Analyzing stable isotopes in archival tissues, such as fish eye lenses, is used to document shifts in feeding ecology, diet, habitat use, and to reconstruct life history. Fish eye lenses grow sequentially throughout their ontogeny, resulting in a structure of multiple layers, or laminae. These laminae represent the chronology of the fish's life, much like tree rings. Lenses are protein-rich, which makes them an ideal structure for analyzing light isotopes such as δ¹³C, δ¹⁵N, and δ³⁴S. These light isotopes are primarily integrated into the lens tissue through the fish's diet. As research begins to emerge using eye lenses to reconstruct the life histories of fishes, the need for a reproducible method of delamination grows.

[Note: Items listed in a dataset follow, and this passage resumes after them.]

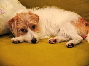 シャンプー、カット、爪切りを終えて、なぜか不機嫌なシマント(イタリア人ぽく呼ぶ時の名前)。シマ〜ントって感じで、いい声で。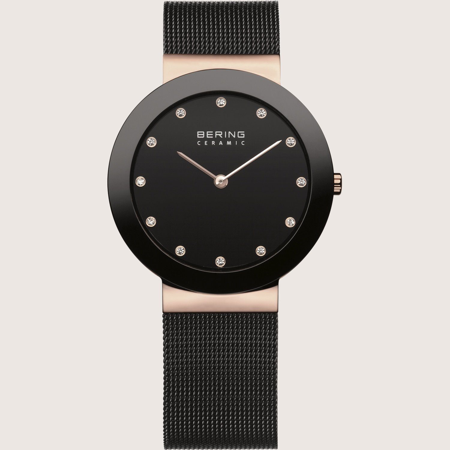 Die Bering Ceramic Collection 35 mm 11435-166 ist ein besonderes Exemplar, welches sowohl durch ihr Design als auch durch ihre technischen Spezifikationen besticht. Mit einem Gehäusedurchmesser von 35 mm und einer Gehäusehöhe von 6 mm ist sie für Damen konzipiert. Das Gehäuse ist in Roségold gehalten und aus Edelstahl gefertigt, während das schwarze Zifferblatt durch ein kratzfestes Saphirglas geschützt wird. Die Uhr verfügt über Zeiger in Rose vergoldet und einen Ziffernblatt Index aus Zirkonia.
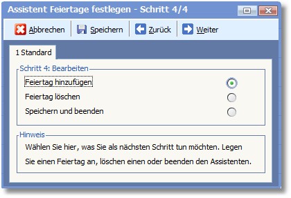 3. Wenn Sie keine weiteren Feiertage hinzufügen oder löschen möchten, wählen Sie die Option "Speichern und beenden" und klicken Sie anschließend auf <Weiter>.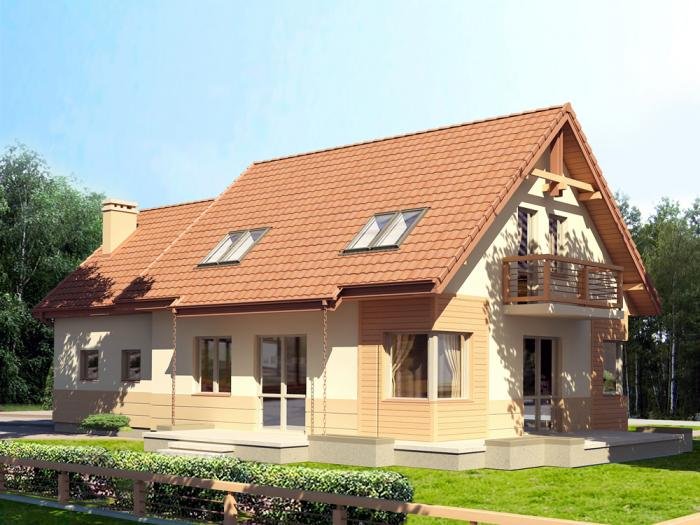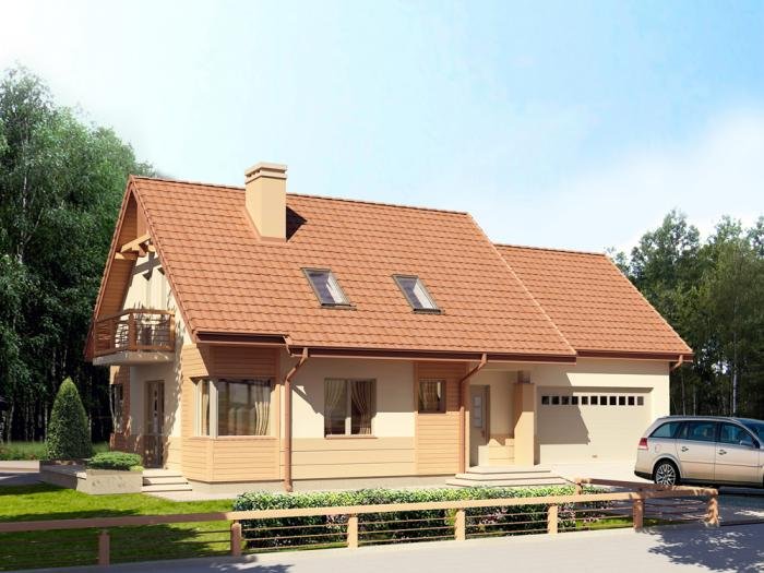 * jednorodzinny dom parterowy z poddaszem użytkowym i garażem dwustanowiskowym (istnieje wersja jednostanowiskowa), niepodpiwniczony

For this study, two different researchers peeled lenses from each eye of the same adult Chinook salmon (Oncorhynchus tshawytscha) (n=10 fish). Lens lamina number, diameter (mm), and mass (mg) of each lamina were recorded. Laminae were then submitted for isotopic analysis of both δ¹³C and δ¹⁵N. Isotope values were used as a validation to compare delamination patterns between researchers. δ¹³C and δ¹⁵N values from the lenses were then plotted using both the assigned lamina number and lens diameter to compare the difference between researchers. Analyzing the laminae based on lamina number resulted in significant variability between researchers. However, when lens diameter was used instead of lamina number, isotope patterns throughout the lenses of the same fish were nearly identical. Using lens diameter removes subjectivity between researchers, thereby increasing the reproducibility of the technique and providing a more robust interpretation of the data.

Metadata of eye lens stable isotope data (CN) of 10 2018 fall run Chinook salmon. Fish-specific metadata (e.g., fork_length, site_id) is given and collected by CDFW. Lens-specific metadata (e.g., layer_no, lens_dm) is collected during sample processing. Isotope data is generated by the Stable Isotope Facility at the University of California, Davis.